Children need to establish social relationships in a larger society.
MM says this of a child's "misbehavior":
"When the child is placed in certain conditions that favour him, he manifests an extraordinary activity. His intelligence surprises us because all its powers work together, as is normal for man."
(page 5) As is the web, so is the mind of the child constructed according to an exact plan. The abstract construction enables him to grasp what happens in his field, which was out of his range heretofore.
Depending on whether the child lives in simple civilization or in a complicated world, his web will be more or less large and will enable him to attain more or fewer objectives.
To consider the school as the place where instruction is given is one point of view. But to consider the school as a preparation for life is another. In the latter case the school must satisfy all the needs of life.

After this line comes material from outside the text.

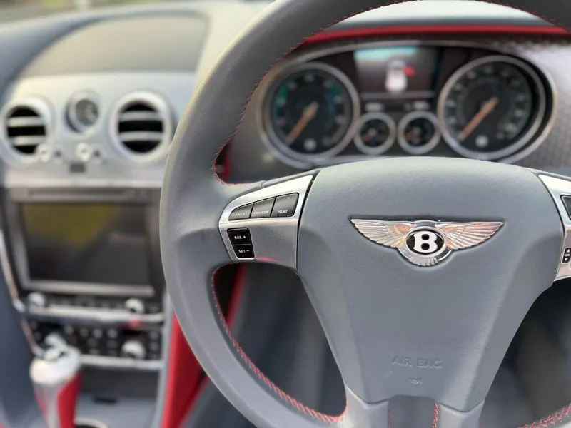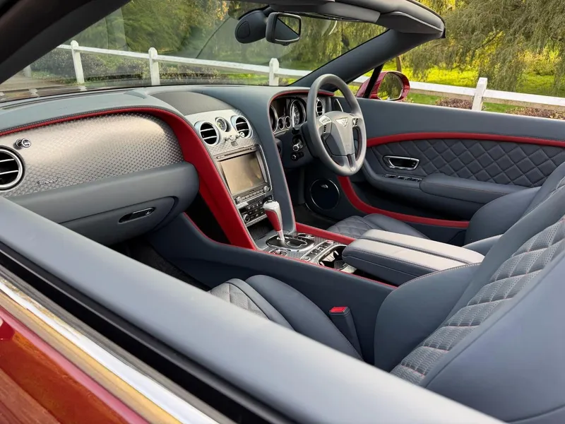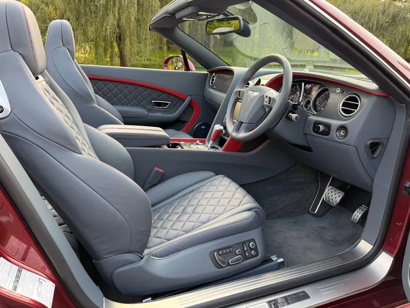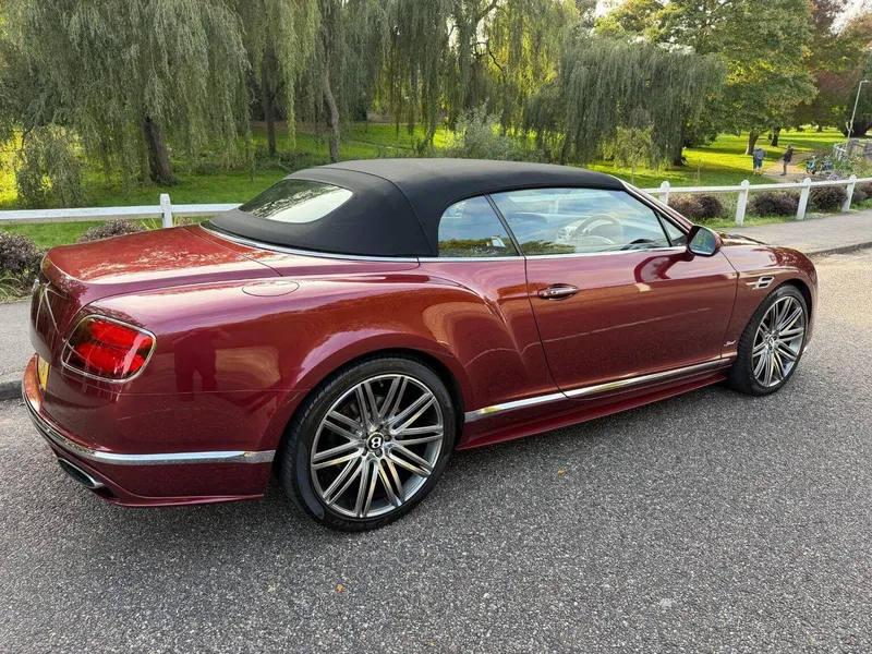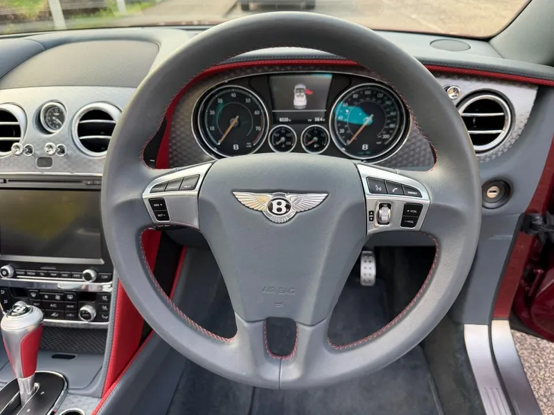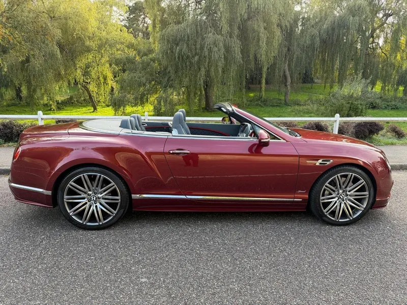 ONLY 8000 MILES HUGE SPEC Finished in Stunning Metallic Rubino Red with a Black Convertible Roof, Main Hide and Secondary Hides in Brunel with Hotspur Accent and Contrast Stitching, Dark Tint Aluminium Fascia Panels, Centre Console and Roof Consoles, Only 8000 Miles From New, 2 Owners, Speed Specification, Premier Specification, All Seasons Specification, Diamond Quilting and Stitching, Heated 3 Spoke Single Tone Steering Wheel with Contrast Stitching, Heated + Cooled + Massage + Memory + Electric Front Seats with Lumbar Support, Neck Warmers Built into Front Seats, Bentley Naim Audio, Front and Rear Parking Sensors, Reverse Camera, Soft Close Doors, Power Opening and Closing Boot, Keyless Start, Keyless Entry/Exit, Dual Climate Control, Touchscreen Infotainment System with Bluetooth and Satellite Navigation, iPod/Telephone Integration, Auto Lights, Auto Wipers, Speed Front Wing Badges, Speed Interior Badges, Heated + Electric Power Folding Mirrors, Bentley Wind Deflector, 21" Speed Alloy Wheels Finished in Dark Tint, Pirelli P Zero Tyres, 2 Keys, Unmarked Throughout and Must Be Seen These are in addition to what this Car typically comes with as standard: CD Changer - 6 Disc Naim for Bentley Premium Audio System Rear View Camera First Aid Kit and Warning Triangle All Seasons Specification Boot Carpet - Match to Secondary Hide Dark Tint Aluminium Fascia Panels-Centre Console and Roof Console Contrast Stitching Contrast Stitching to Diamond Quilted Areas Dark Tint Aluminium Fascia Panels Neck Warmer Interior Style Specification with Contrast Stitching Premier Specification Seat Ventilation and Massage Function to Front Seats Steering Wheel - 3 Spoke Single Tone - Hide Trimmed Rubino Red Space Saving Spare Wheel Bentley GPS Tracking System - Full Fitment Standard Brakes with Black Calipers Wind Deflector 21in Alloy Wheels - Speed - Painted When New This Car Came With: 21in Alloy Wheels - 10 Twin-Spoke - Painted 8 Channel and 8 Speaker Audio System 8in High-Resolution Colour Screen to Display Infotainment and Vehicle Systems Information ABS - Anti Lock Braking System Acoustic Interlayer to Side and Front Glass Acoustic Interlayer to Side and Rear Glass Airbag - Driver Airbag - Front Passenger Deactivation Airbag - Front and Rear Thorax Airbag - Passenger Airbags - Front Side Airbags - Rear Side Automatic Seat Belt Presenter BMR - Balanced Mode Radiator Speakers Bentley Branded T Piece Engine Cover Bentley GPS Tracking System Provision Bi-Xenon Projector Headlights Boot Carpet in Black - Beluga Breitling Clock Bulls-Eyes Air Vents with Chrome Organ Stop Controls CDC - Continuous Damping Control Concealed Rear Aerofoil with Automatic Deployment DAB Radio Dark Tint Front and Rear Lights Dark Tint Radiator Shell Matrix and Lower Bumper Grilles Daytime Running Lights - LED Door Area Lighting in Lower Edge of Exterior Mirrors and Entrance Lighting in Lower Edge of Door Door Mirrors - Colour Coded Door Mirrors - Electronically Adjustable with Heating - Power Folding and Memory Functions Drilled Alloy Sports Foot Pedals EBD - Electronic Brake Force Distribution ESP - Electronic Stability Programme Electric Front and Rear Windows Electric Tilt and Reach Adjustment Steering Column with Memory and Easy Entry and Exit Functions Electronic Cruise Control Electronic Parking Brake with Drive Away Assist Electronic Parking Brake with Move Off Assist Electronically Adjustable Front Seats with Memory Functions External Media Interface Foot Pedals with Bentley B Emblem Footwell and Centre Console Stowage Illumination Front Parking Sensors HBA - Hydraulic Brake Assistance HDD Satellite Navigation Headlight Washer Jets Hide and Chrome Trimmed Gear Lever with Manual Shift Change Facility High Level Rear Brake light ISOFIX Rear Seat Fixings Integrated HVAC Controls Jewel Fuel Filler Cap Keyless Entry and Ignition Knurled Sports Gear Lever LED Rear Lights with Jewellery-Effect Inner Light Treatment MSR - Motor Slip Regulation Main Beam Supplementation - LED Mirror-Matched Unbleached Burr Walnut Veneer to Fascia Panels and Console Multi-Function Steering Wheel Multi-zone Automatic Climate Control System Park Distance Control - Graphic on Infotaintment Screen Works in Conjuntion with Audible Warning Passengers Seat 14 Way Adjustment and Memory Including Lumbar Power Boot Opening and Closing Power Latching to Driver and Passenger Doors for Easy Entry and Exit Quilted Perforated Hide to Door Panels and Rear Quarter Panels Rain Sensing Windscreen Wipers Rear Diffuser Rear Parking Sensors Rifled Exhaust Tailpipe Finisher Seat Belt and Leather-Bound Carpets to Match all Hide Colours Seats - Heated Front Seats - Lumbar Support for Front Seats - Lumbar Support for Rear Single DVD/CD Slot Single SD Card Slot Ski Hatch Speed Sensitive Power Steering Speed Treadplate Badge Spoiler Integrated Into Boot Lid Standard Brakes with Red Calipers Steering Wheel - 3 Spoke Single Tone Hide Trimmed TPMS - Electronic Tyre Pressure Monitoring System Telephone System with Bluetooth Wireless Connectivity Touch Screen Infotainment System with 8inch High Resolution Screen AM/FM Radio Single CD/DVD Slot Twilight Sensor Control and Tunnel Detection for Lighting Twin Front Armrests Veneer - Piano Black Voice Activation on Infotainment System Volumetric Ultrasonic Alarm W12 Badge to Front Fender Wheel Bolts with Thatcham Security Bolt i-Tunes Tagging

An education that suppresses the true nature of the child is an education that leads to the development to anomalies.
MM likes to take children into nature and says:
Scouting, has therefore always interested us.
(page 6) The seven-to-twelve-year-old period, then, constitutes one of particular importance for moral education.
It is at this age also that the concept of justice is born, simultaneously with the understanding of the relationship between one's acts and the needs of others. The sense of justice, so often missing in man, is found in the development of the young child.
The justice usually found around the school and in the family could be called "distributive justice"-- that is to say, equality for all, as much in the distribution of punishments as of rewards. Special treatment of one individual seems to constitute an injustice; this introduces the concept of legal right. There is here an affirmation of individuality in the sense of egoism and isolation. Such a concept does not encourage interior development. On the other hand, justice-- although usually not considered in this light -- is born specifically from interior education. The principle of distributive justice and individual right, purely external, destroys the inborn, natural sense of true justice.
(page 7) It is necessary for us to provide him with culture and to enlarge his social experiences.
The child who has himself stretched the limits, has won his independence. This is what makes these exercise of patience, of exactness and of repetition so all-important.
The continuation of these exercises would be useless now that the child is independent; that is to say he knows how to devote himself to an activity for which he will no longer need to ask help of the adult and for which he has coordination of movement.
But the act of courtesy which he has been taught with a view to his making contacts with others must now be brought to a new level.
This is not a question of training his movements: we begin the introduction of moral relationships, of those that awaken the conscience.
(page 8) The child is "now eager to encounter challenges. But these challenges must have an aim.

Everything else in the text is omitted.